Problems in construction timelines and general delays have put the Terrazzo high-rise in The Gulch on the legal defensive on multiple fronts.
A recently filed suit by subcontractor Baker Glass Co. claims Terrazzo’s developers and their general contractor, Nashville-based Parent Company, haven’t paid what they owe to Baker, which installed windows and doors on the 14-story building.
In the suit, Antioch-based Baker also lays claim to $526,000 in liens against the property. Through Liberty Mutual Insurance Co., Parent has secured bonds against those claims — a guarantee of sorts that whatever debts are owed will be paid.
Changes in work orders and construction delays during the building of the $68 million condo and office tower cost $1.92 million in materials and labor, according to the suit filed Sept. 10 in Davidson County Chancery Court. The complaint, which names Terrazzo, Parent and all those who have bought units in Terrazzo as defendants, also asks for $6 million in punitive damages.
The suit is not a problem for the development as a whole, but rather about which company deserves to get paid how much, said Parent Partner Jim Brownlee, who oversaw the project. He said his company has a right to money from the project for the work it has completed, and that it plans to dispute the claims by Baker.
“Basically, it’s a squabble between Baker Glass and us, though they put everybody in the world in there,” Brownlee said. He added that in regard to construction contracts, the project did not come in behind schedule, although changes did have to be made to reach the planned opening dates this past March.
Terrazzo had initially been scheduled to open in 2007, according to early announcements by the project’s developer, Charlotte, N.C.-based Crosland. Jim Baker, president of the firm that bears his name, declined comment. Brad Scarbrough, attorney for the company, said only that the suit “speaks for itself.”
Chris Dunn, attorney for Terrazzo, also declined to comment on the details of the suit, other than to say that the dispute was between the general contractor and its subcontractor. He also noted that the liens filed by Baker had been bonded off in the Liberty Mutual deal.
“Baker’s lawsuit will not impact any existing Terrazzo homeowners or my client’s ability to close new contracts," Dunn said in a written response to questions regarding the suit.
The project has sold a total of 14 condos since March – about 12 percent of the building’s 117 residential units. Together, the sales produced revenues of $5.5 million before marketing and brokerage costs are deducted.
More units might have been closed if some buyers who had agreed to purchase units weren’t suing the projects developers in federal court. There, they have accused the developers of failing to comply with federal regulations required under the Interstate Land Sales Full Disclosure Act, which requires detailed disclosures of a project’s finances if it contains more than 100 residential units and takes more than two years to build. (There are multiple exemptions available to developers under the law.)
In two of those federal cases, the judges have approved motions to protect from public access some information presented as evidence — specifically financial and business-related information that wouldn’t have been disclosed if not for the case. It is very common for judges to approve such motions, said Baker Donelson Bearman Caldwell & Berkowitz attorney Larry Papel, who is not involved in the cases.
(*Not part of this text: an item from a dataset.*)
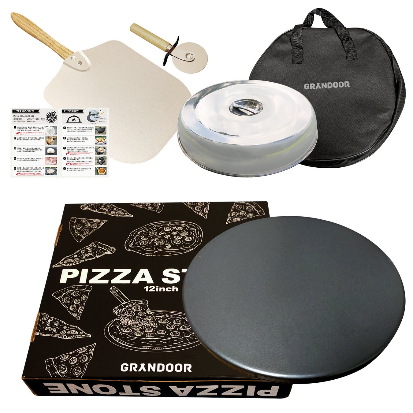 漆黒のピザストーンとピザ作りに必要なセット(ピザピール、ピザカッター、蓋、バッグ、レシピ)

Baker, which booked 2008 revenues of $14 million, was acquired this past spring by Philadelphia-based private equity firm Larsen MacColl Partners for about $7 million. Jim Baker is expected to remain with the company until at least 2011, according to the company.
United States District Court
Garden City Employees Retirement System v. Psychiatric Solutions Inc. Filed Sept. 21. In the first of at least four putative (and essentially identical) class actions filed against Franklin-based Psych Solutions, a Michigan investment fund claims the behavioral hospital operator misled investors about the scope and timing of government investigations into patient safety problems at its Riveredge facility in Illinois.
Through their public statements over the course of 2008 and into early 2009, President and CEO Joey Jacobs, Executive Vice President Brent Turner and Chief Accounting Officer Jack Polson artificially inflated their stock’s price, the suit alleges, and “engaged in acts, practices and a course of business that operated as a fraud or deceit.” The court asks for class certification and unspecified damages.
Darren J. Robbins, David C. Walton and Catherine J. Kowalewski of California firm Coughlin Stoia Geller Rudman & Robbins are leading the case. Local attorneys for the plaintiff are George E. Barrett, Douglass S. Johnston Jr. and Timothy L. Miles of Barrett, Johnston & Parsley in Nashville.
Equal Employment Opportunity Commission v. Southeastern Telecom Inc. Filed Sept. 22. The federal watchdog agency claims the Nashville-based company improperly dismissed an employee who had complained of gender discrimination. Its lawsuit states the retaliation represents a violation of the woman’s civil rights.
Suzanne Sword, an account executive with Southeastern Telecom, had complained to her supervisors about how sales accounts were distributed in the office, stating she felt the distribution was based on gender, the suit says.
After receiving the complaint, the company disabled Sword’s e-mail account and computer. She was fired a week later.
“Retaliation against employees who exercise their federally protected rights is strictly prohibited under federal law,” said the EEOC’s Memphis office director, Katharine W. Kores in a press release.